Throwing a Rock Up a Hill: Finding Final Vertical Displacement

[Bryson]

Homework Statement

I was tutoring the other day, when we came across a problem that had me stumped!

A person standing on a hill that forms an angle \theta = 30^o wrt to the horizon, throws a stone at {\bf v} = 16 m/s up the hill at an angle \phi = 65^o wrt to the horizon. Find y_f.

Homework Equations

y_f = v_{y_i}t + \frac{1}{2}a_yt^2

v_{x_i} = \frac{x_f}{t}

The Attempt at a Solution

My thought process is the first find time (t), then solve for y_f.

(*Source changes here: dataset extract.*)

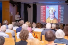 Predstavitev knjige, v ozadju računalniško ustvarjen portret Janeza Krstnika Prešerna, izdelan na podlagi podobe na freski iz stolnice sv. Nikolaja v Ljubljani / Foto: Nik Bertoncelj

Initially I thought to take the ratio of v_x and v_y, which would result in an equation involving tan(\phi - \theta), but it involves too many unknowns (t, x_f).

I know I need to utilize the angles in someway, and that finding h_{max}, R will not help in this situation. Any suggestions on how to start this problem would be greatly appreciated!

 

[Doc Al]

Hint: Find an expression for y as a function of x.

 

[Bryson]

I tried this but here is what I got: y_f = x_f tan(\phi - \theta) + \frac{1}{2}a_y t^2. Still too many unknowns though, assuming my algebra and logic is correct of course.

 

[Doc Al]

I tried this but here is what I got: y_f = x_f tan(\phi - \theta) + \frac{1}{2}a_y t^2. Still too many unknowns though, assuming my algebra and logic is correct of course.

Get rid of time in that equation. Not sure why you are subtracting angles at this point.

Find the trajectory of the rock, then compare that to an equation describing the hill.

 

[CWatters]

Getting rid of t is usually straight forward. You know the horizontal velocity and can write an equation for the horizontal distance Xf in terms of Yf from the slope.

 

[Bryson]

Getting rid of time; the only way I see that is if I substitute t = \frac{x_f}{v_x}, giving us

y_f = x_f tan(\theta) + \frac{1}{2 v_x^2} a_y x_f^2.

Perhaps I do not understand, we do not know y_f, nor x_f.

 

[Bryson]

Yep, got it. I was on the wrong track. . . I would shoot myself in the foot, but instead I may get rid of it altogether!

Thanks for the help and quick replies.